Saturday, December 31, 2011
Today, being New Year's Eve, is naturally a bittersweet day. Thinking about this past year and having high hopes for the new year always does that to me. But I will also be leaving my daughter in Alabama. As hard as I try, it's always difficult to say goodbye to my daughters. I know I will see both of them in April, and I try to concentrate on that. But...goodbys are always so hard for me. I love my daughters more than anything in the whole world. I have the most fantastic daughters ever. I realize I'm partial, but I can honestly say that people than know them tell me the same thing. Just being a proud momma. I will try my best to have a stiff upper lip when I leave and concentrate on getting organized in the new year and look forward to April.
Friday, December 30, 2011
It's been a quiet, peaceful, wonderful week. I got a lot of quality time with my daughter, I got a break from a routine that I definitely needed a break from, and I got to do some new things.
My daughter, son-in-law and I drove up to Nashville yesterday so I could see the Opryland Hotel. What a ginormous, gorgeous hotel! The holiday decorations were exquisit! There were lights and enormous Christmas trees everywhere. Live plants of all kinds were all over the place, mostly placed among waterfalls. There were some red and white (the colors together) ponsettias that I had never seen before and some red ones that were the deepest shade of red imaginable! We could have taken a boat tour inside the place, but, like all the other prices I did see, was probably more than I would have wanted to spend. I was so turned around as to where I was that I would never have been able to find the door that we came in at! My daughter took pictures for me, as she has a better camera and has promised to email them to me. I will have to post some of the pictures.

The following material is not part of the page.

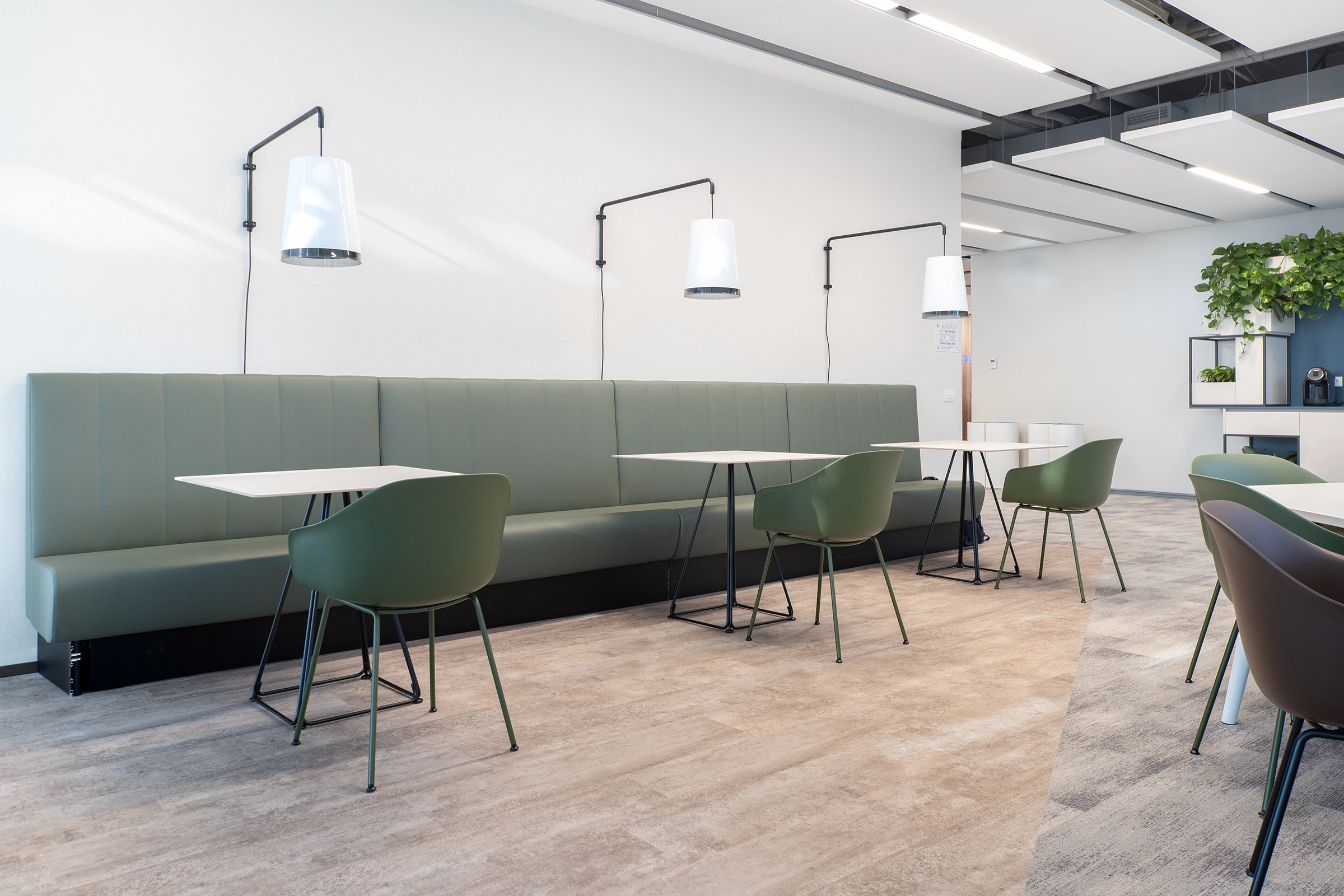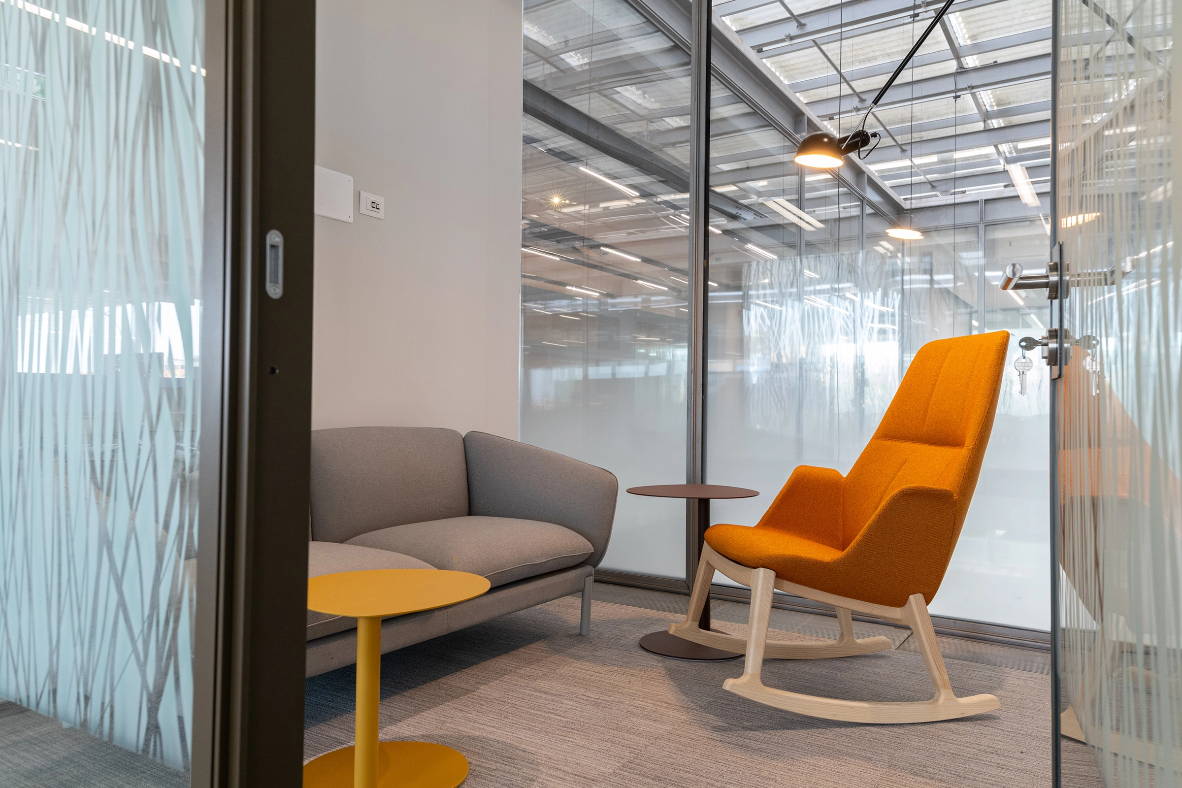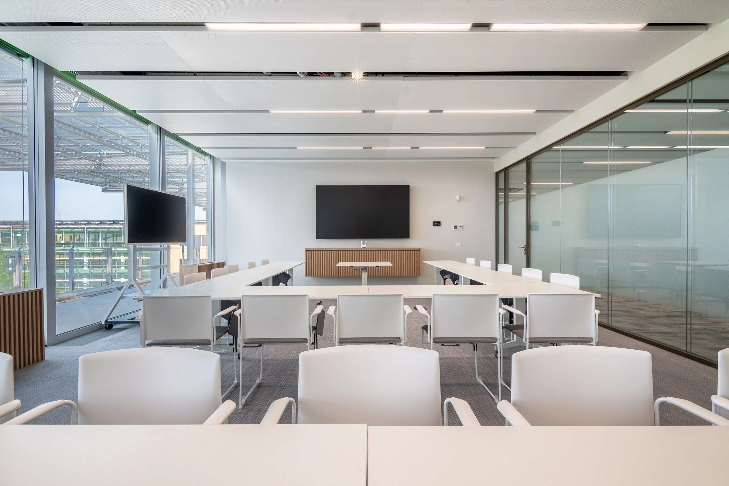 Nelle aree di rappresentanza e nelle sale riunioni l’illuminazione è un elemento discreto integrato nelle soluzioni di design. Diventa segno distintivo nelle aree relax e collaboration, ad esempio attraverso l’utilizzo di corpi illuminanti con prestazioni fonoassorbenti all’interno dell’area, break, piantane e luci da tavolo. Nei phone booths la luce diventa indiretta e soffusa.

Today is my last full day here. I will make the most of every minute with my daughter. I know I will see her again in April - which really isn't too far off. But I'm already getting a little melancholy about leaving. Gotta stop that!
It has only been a year and a half since I left Alabama, but I've found myself already unsure of how to get to places I was once comfortable getting to. It struck me as odd, because I never lost that sense of direction in Michigan, although I lived in Alabama for 14 years. Maybe the bad memories of the last few years here somehow come into play.
My baby daughter and I have already talked. Next Christmas, no matter what, the three of us will somehow be together. No matter how many other relatives and loved ones we have, it's just not the same if the three of us are not together. So, I've got something to shoot for in the coming year.
Wednesday, December 28, 2011
I've been talking about setting goals for myself for the new year, but i have yet to come up with any concrete ones. I've been doing some reading of articles on goal setting and others' blogs about goals. I read a couple this morning that really hit home and made me realize why I haven't really been able to come up with some.
I need to choose goals that are important to me. To do this, I must think about and be honest about what I want. I haven't done that. I must remember to make things happen. Stop letting things happen to me. I must be positive and set priorities. I need to choose how I respond emotionally to people. I must curtail taking everything so personally. And, most importantly, I must dare to dream. What would I really like to happen in the coming year? If I spend some time thinking about these, I should be able to come up with some manageable goals.
Tuesday, December 27, 2011
I was sitting at my daughter's computer this morning on Spark People. Her puppy came in and out of the room with her new Christmas bone. I wasn't paying that much attention to her. Big mistake! She had gotten into my suitcase and got hold of my thyroid medicine that I had just gotten refilled on the 20th. I found the lid and the chewed bottle, but no pills. So, I got to wake up my daughter and son-in-law.
First plan of attack was call the vet. The poor puppy had to be given hydrogen peroxide to make her throw up. We didn't see any pills in what she had thrown up, but don't know if they dissolved or not. Good things about it, though, is first that it is a medicine prescribed for dogs and second it wan't one of my stronger medicines.
Then to call the health care company. I was told that although I have a refill on the prescription, I have to get another prescription from the doctor called in and will have to pay the full price.
I am on hold with the doctor's office right now. (A pet peeve of mine with the office is the hold time - no pun intended!) So, instead of going bargain shopping with my daughter, it looks like I will be spending my money on the needed prescription.
Note to self: remember that puppies are quicker and craftier than two-year-olds - which I had really known but temporarily forgotten about. My daughter's already jokingly told me that she's changed her mind about letting me puppy-sit. I really feel badly that the puppy had to go through that and that my daughter had to be woken up early.